I've been creating various regressions using Statsmodels. I took data, shaped it into Pandas dataframes, and then ran several models on the data. I'm now struggling to output all of those regressions as a CSV file. My goal is to have all of my "regression data" (ie the coefficients, intercepts, standard errors, etc for each control/variable, as well as the number of observations and a few other datapoints) on one axis, with the title of each regression forming the other axis.
So far I've tried multiple approaches, with one looking the most promising. That method has been using
results = FoodPriceReg(PriceChange, RightHandVars)
regexport = RegToCSV(results)
return regexport
to turn the printed summary into a CSV file. I then use
for com in commodity:
RegOut = RegLoop(com)
regressions = pd.DataFrame(RegOut)
name = 'regressions/' + com[2]
SaveFrame(regressions, name)
to output the regressions as a CSV + .dta file for each food category.
I've also tried both sorting those CSV files into nested lists and converting them to dataframes and trying to work with them. The biggest issue I've had is that the CSV output is very rough and challenging to work with. It's not organized like other Pandas dataframes and I've been unable to come up with a reasonably simple solution to get all of the data in the CSV sorted so that if you open it in Excel, each piece of information would end up in it's own cell.

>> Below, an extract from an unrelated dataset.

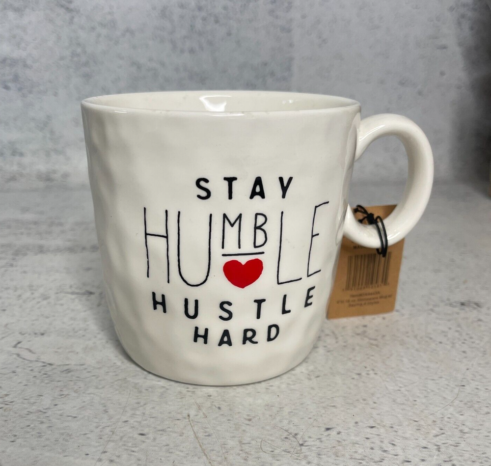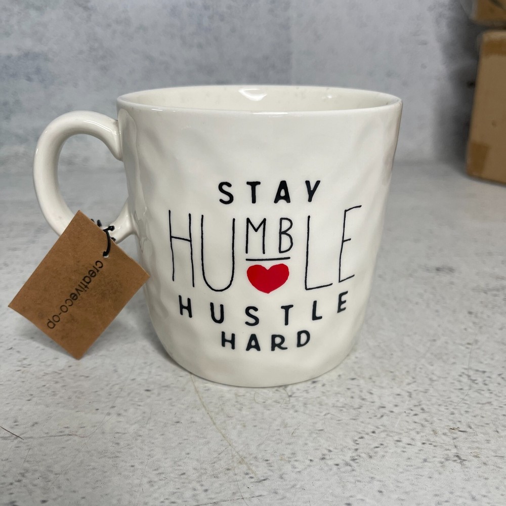 Stoneware Mug 10cm Stay Humble Hustle Hard Creative Co-Op Coffee Cup Gift ***Brand-New*** Product Description: Bring motivation to your morning routine with this brand new Creative Co-Op stoneware mug featuring the inspiring message "Stay Humble Hustle Hard." Designed for durability and style, this extra-large mug stands 10cm high with a 10cm diameter and holds a generous amount of your favourite hot beverage. The handcrafted look, complete with a subtly textured surface, adds a rustic charm to any kitchen. Crafted from high-quality stoneware , this mug is microwave, oven, and dishwasher safe , making it both practical and stylish. Perfect for coffee lovers, office desks, or as a thoughtful gift for someone who loves a daily dose of motivation. Important This item is brand new and in excellent condition. We have provided accurate product images and descriptions for your reference. Please review them carefully before making a purchase decision. The staging materials, including plants, pots, or other decorative items, used in product photos are for display purposes only. They are not included as part of the sale. The listing solely encompasses the main item described in the product description and does not include any additional accessories or staging materials. Photographs are taken with studio lights, which may cause spots of glare. Colours may vary on different screens.

To clarify, right now each cell of my final CSV output looks like
Dep. Variable: ,ParboiledCoarseRice2014, R-squared: , 0.010
Model: ,OLS , Adj. R-squared: , -0.000
Method: ,Least Squares , F-statistic: , 0.9711
, coef , std err , t ,P>|t| , [0.025 , 0.975]
Intercept , 28.5204, 0.216, 131.855, 0.000, 28.095, 28.945
Cash , 4.5696, 0.501, 9.112, 0.000, 3.584, 5.555
Food , 4.1321, 0.501, 8.240, 0.000, 3.147, 5.117
FoodCash , 4.2496, 0.501, 8.474, 0.000, 3.264, 5.235
CashTraining, 5.2596, 0.675, 7.787, 0.000, 3.933, 6.587
FoodTraining, 5.8696, 0.675, 8.691, 0.000, 4.543, 7.197
Control , 4.4396, 0.501, 8.853, 0.000, 3.454, 5.425
whereas I want each piece of information to be it's own row, like:
Model: ParboiledCoarseRice2014 ~ Treatment Dummies
R-squared: 0.010
Cash Coef: 4.5696
Cash Std Err: 0.501
I'm thinking that I'm missing something fundamental with working with Statsmodels, as the output of regressions is sparsely documented but seems essential to get much use out of the package.